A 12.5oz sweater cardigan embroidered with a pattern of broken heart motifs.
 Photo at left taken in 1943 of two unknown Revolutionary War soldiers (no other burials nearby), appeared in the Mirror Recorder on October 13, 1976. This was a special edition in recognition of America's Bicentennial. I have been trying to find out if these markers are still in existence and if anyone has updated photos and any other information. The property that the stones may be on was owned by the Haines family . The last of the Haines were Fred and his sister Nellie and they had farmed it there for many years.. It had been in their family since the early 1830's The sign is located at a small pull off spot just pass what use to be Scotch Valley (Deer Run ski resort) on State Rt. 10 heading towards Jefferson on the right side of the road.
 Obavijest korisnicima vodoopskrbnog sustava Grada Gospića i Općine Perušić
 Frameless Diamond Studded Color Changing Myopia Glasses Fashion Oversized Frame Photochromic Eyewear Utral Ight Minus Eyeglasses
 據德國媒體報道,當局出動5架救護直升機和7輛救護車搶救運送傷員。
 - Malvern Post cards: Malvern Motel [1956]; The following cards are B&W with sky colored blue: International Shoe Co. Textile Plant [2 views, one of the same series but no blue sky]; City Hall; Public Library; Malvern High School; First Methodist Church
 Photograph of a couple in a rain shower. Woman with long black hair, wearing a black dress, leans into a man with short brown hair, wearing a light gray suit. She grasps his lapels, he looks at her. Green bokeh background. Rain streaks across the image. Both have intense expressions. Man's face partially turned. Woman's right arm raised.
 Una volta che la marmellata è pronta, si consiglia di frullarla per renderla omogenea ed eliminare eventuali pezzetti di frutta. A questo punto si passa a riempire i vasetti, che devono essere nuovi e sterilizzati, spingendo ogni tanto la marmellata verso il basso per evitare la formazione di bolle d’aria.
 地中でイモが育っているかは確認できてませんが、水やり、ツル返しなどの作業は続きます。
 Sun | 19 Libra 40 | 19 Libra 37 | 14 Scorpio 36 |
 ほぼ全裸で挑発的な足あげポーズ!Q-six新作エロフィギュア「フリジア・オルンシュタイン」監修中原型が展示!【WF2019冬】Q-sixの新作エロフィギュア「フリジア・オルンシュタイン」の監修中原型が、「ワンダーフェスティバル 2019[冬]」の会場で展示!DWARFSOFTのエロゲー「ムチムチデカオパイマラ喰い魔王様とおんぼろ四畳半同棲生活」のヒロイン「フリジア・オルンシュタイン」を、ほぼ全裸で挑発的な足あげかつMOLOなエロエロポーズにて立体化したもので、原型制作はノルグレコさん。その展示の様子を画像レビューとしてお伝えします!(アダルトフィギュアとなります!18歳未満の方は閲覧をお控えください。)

================

** Work order **
Exactly as given, please retype all the entries.

** Solution for this problem **
A 12.5oz sweater cardigan embroidered with a pattern of broken heart motifs.
 Photo at left taken in 1943 of two unknown Revolutionary War soldiers (no other burials nearby), appeared in the Mirror Recorder on October 13, 1976. This was a special edition in recognition of America's Bicentennial. I have been trying to find out if these markers are still in existence and if anyone has updated photos and any other information. The property that the stones may be on was owned by the Haines family . The last of the Haines were Fred and his sister Nellie and they had farmed it there for many years.. It had been in their family since the early 1830's The sign is located at a small pull off spot just pass what use to be Scotch Valley (Deer Run ski resort) on State Rt. 10 heading towards Jefferson on the right side of the road.
 Obavijest korisnicima vodoopskrbnog sustava Grada Gospića i Općine Perušić
 Frameless Diamond Studded Color Changing Myopia Glasses Fashion Oversized Frame Photochromic Eyewear Utral Ight Minus Eyeglasses
 據德國媒體報道,當局出動5架救護直升機和7輛救護車搶救運送傷員。
 - Malvern Post cards: Malvern Motel [1956]; The following cards are B&W with sky colored blue: International Shoe Co. Textile Plant [2 views, one of the same series but no blue sky]; City Hall; Public Library; Malvern High School; First Methodist Church
 Photograph of a couple in a rain shower. Woman with long black hair, wearing a black dress, leans into a man with short brown hair, wearing a light gray suit. She grasps his lapels, he looks at her. Green bokeh background. Rain streaks across the image. Both have intense expressions. Man's face partially turned. Woman's right arm raised.
 Una volta che la marmellata è pronta, si consiglia di frullarla per renderla omogenea ed eliminare eventuali pezzetti di frutta. A questo punto si passa a riempire i vasetti, che devono essere nuovi e sterilizzati, spingendo ogni tanto la marmellata verso il basso per evitare la formazione di bolle d’aria.
 地中でイモが育っているかは確認できてませんが、水やり、ツル返しなどの作業は続きます。
 Sun | 19 Libra 40 | 19 Libra 37 | 14 Scorpio 36 |
 ほぼ全裸で挑発的な足あげポーズ!Q-six新作エロフィギュア「フリジア・オルンシュタイン」監修中原型が展示!【WF2019冬】Q-sixの新作エロフィギュア「フリジア・オルンシュタイン」の監修中原型が、「ワンダーフェスティバル 2019[冬]」の会場で展示!DWARFSOFTのエロゲー「ムチムチデカオパイマラ喰い魔王様とおんぼろ四畳半同棲生活」のヒロイン「フリジア・オルンシュタイン」を、ほぼ全裸で挑発的な足あげかつMOLOなエロエロポーズにて立体化したもので、原型制作はノルグレコさん。その展示の様子を画像レビューとしてお伝えします!(アダルトフィギュアとなります!18歳未満の方は閲覧をお控えください。)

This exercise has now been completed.